Je dis bien « à l’intérieur de sa discipline ». C’est cette part intérieure à la discipline dont la discipline est responsable et c’est cette part que j’appelle accompagnement spirituel appartenant à la discipline :
– Le corps n’est pas seulement corps physique
– Ce corps est aussi personne, qui fait partie d’un corps social
– Une personne qui a une dignité
– Une dignité qui est intouchable, même si je dois toucher le corps ; je n’y touche pas.
– Cependant, elle reste intouchable même quand elle a été touchée, quand le corps a été maltraité et la personne violentée.
– Chaque accompagnant ou intervenant en est responsable dans la sphère de sa discipline, et au-delà …
Au-delà, c’est ce que signifie l’aumônier, par sa présence et son travail, sa partie de l’accompagnement spirituel. Il dit par là que
– vous, les autres, devez être conscients de la dimension spirituelle dont vous êtes responsables
– reconnaître vos limites
– en certaines situations et certains moments non pas oublier, mais suspendre vos compétences respectives
et il dit à l’ensemble, organisation et institution, et il le s’adresse à lui-même, que ce qui est valable pour chaque partie l’est aussi pour le tout. Le tout n’est jamais tout.
Surplus ou transcendance il y a toujours, un espace qui échappe au contrôle et ne se maîtrise pas, espace de liberté et de croissance (spirituelle).
Cependant, aumônier qu’il ou elle est, il a aussi besoin de techniques, de méthodes, de procédures et d’outils pour signifier ce qu’il veut (doit) signifier.

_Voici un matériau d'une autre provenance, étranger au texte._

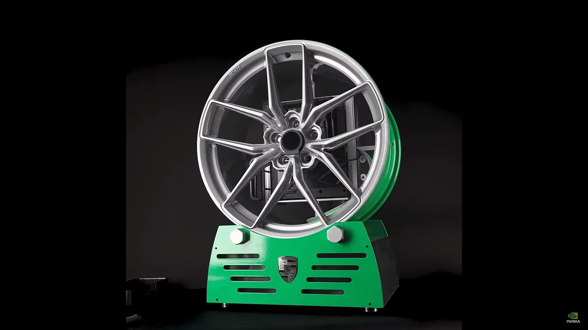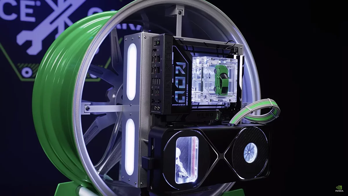 NVIDIA совместно с моддером JCustom, представила необычный проект, результатом их коллаборации стал полноценный игровой компьютер, встроенный в колесо от спорткара Porsche 911 Turbo S. Основой для сборки послужил легкосплавный диск HRE FF21, при этом задача разместить мощные компоненты в ограниченном пространстве колеса оказалась нетривиальной. Для её решения была разработана специальную платформу для материнской платы, которая крепится непосредственно к ободу, создавая иллюзию, что «начинка» парит в воздухе за спицами.
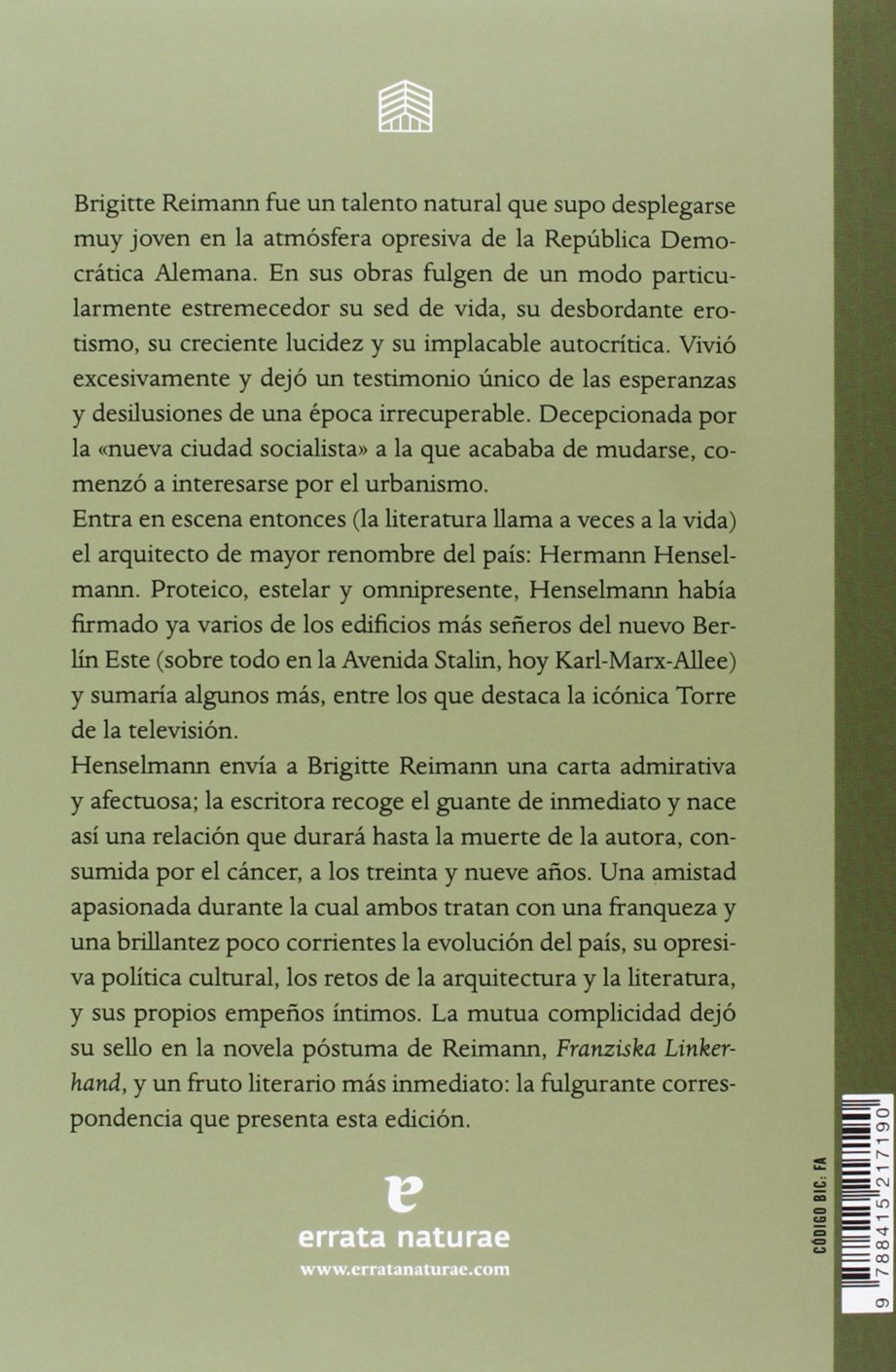 Brigitte Reimann fue un talento natural que supo desplegarse muy joven en la atmósfera opresiva de la República Democrática Alemana. En sus obras fulgen de un modo particularmente estremecedor su sed de vida, su desbordante erotismo, su creciente lucidez y su implacable autocrítica. Vivió excesivamente y dejó un testimonio único de las esperanzas y desilusiones de una época irrecuperable. Decepcionada por la «nueva ciudad socialista» a la que acababa de mudarse, comenzó a interesarse por el urbanismo. Entra en escena entonces (la literatura llama a veces a la vida) el arquitecto de mayor renombre del país: Hermann Henselmann. Proteico, estelar y omnipresente, Henselmann había firmado ya varios de los edificios más señeros del nuevo Berlín Este (sobre todo en la Avenida Stalin, hoy Karl-Marx-Allee) y sumaría algunos más, entre los que destaca la icónica Torre de la televisión. Henselmann envía a Brigitte Reimann una carta admirativa y afectuosa; la escritora recoge el guante de inmediato y nace así una relación que durará hasta la muerte de la autora, consumida por el cáncer, a los treinta y nueve años. Una amistad apasionada durante la cual ambos tratan con una franqueza y una brillantez poco corrientes la evolución del país, su opresiva política cultural, los retos de la arquitectura y la literatura, y sus propios empeños íntimos. La mutua complicidad dejó su sello en la novela póstuma de Reimann, Franziska Linkerhand, y un fruto literario más inmediato: la fulgurante correspondencia que presenta esta edición.

Il n’en a pas d’autres que celles que la vie religieuse lui offre :
un texte fondateur, en l’occurrence la bible, les rites et les symboles, la liturgie et ce qu’on appelle la dogmatique, une tradition et une histoire dans lesquelles il doit s’inscrire, tout en les revisitant et renouvelant, comme tous les autres corps professionnels le font aussi, avec leur tradition et leur histoire, leurs figures emblématiques, leurs méthodologies, leurs manuels et leurs procédures.
Et ce que les autres appellent corps ou association professionnels, l’aumônier l’appelle Église et corps du Christ.